Мелсон, надеясь, что его никто не фотографирует, нанес удар и отскочил.
— Превосходно, — кивнул доктор Фелл. — Что вы сделали, как только нож вонзился в подушку?
— Разжал руку. Вот перо…
— Это объясняет, Хэдли, почему кровь была на ладони перчатки и нигде больше, притом в небольшом количестве, так как, если не перерезать артерию, человеческое тело не кровоточит обильно в момент удара. Ваша теория была бы верной, только если бы убийца извлек оружие из раны в плотно сжатом кулаке, но не иначе.
Теперь давайте проясним последнюю трудность — почему Хейстингс не видел через окно в потолке, как Боском встает с кресла, и почему был готов поклясться, что все время наблюдал за сидящим там.

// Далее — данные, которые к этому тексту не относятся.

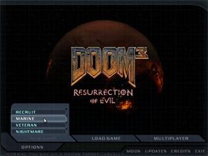 Doom 3: Resurrection of Evil is a First Person Shooter released in April of 2005 by Nerve Software for the PC. RoE is an expansion on the original Doom 3. The series began with Doom and Doom II.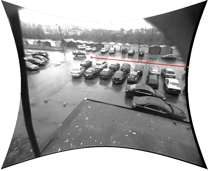 2) На фото у меня изображение одно и того же участка местности, снятые одной ТВ-камерой. Для коррекции искажений нам важны именно стационарные объекты (а не автомобили), имеющие гарантированно прямые элементы.

Прежде всего подумайте, что, согласно намерениям Боскома, должен был видеть Стэнли, чтобы позднее мог ручаться в его присутствии. Обратите внимание на необычайную высоту, ширину и глубину этого голубого кресла. Где оно находилось? Вспомните, что, по словам Хейстингса, он мог видеть со своего места на крыше: «Я мог видеть только правую сторону спинки кресла, так как оно стояло лицом к двери». Иными словами, было устроено так, чтобы лунный свет падал на одну сторону спинки и подлокотник, в то время как большая часть кресла слева (вообразите, что смотрите на него сверху) оставалась в тени. Что Хейстингс неоднократно подчеркивал, рассказывая, как посмотрел вниз впервые — несколько месяцев назад? Что кто-то сидел в кресле — вероятно, Стэнли, но он не мог быть в этом уверен, так как видел только часть головы над спинкой, а главное, руку Стэнли, сжимающуюся и разжимающуюся на подлокотнике.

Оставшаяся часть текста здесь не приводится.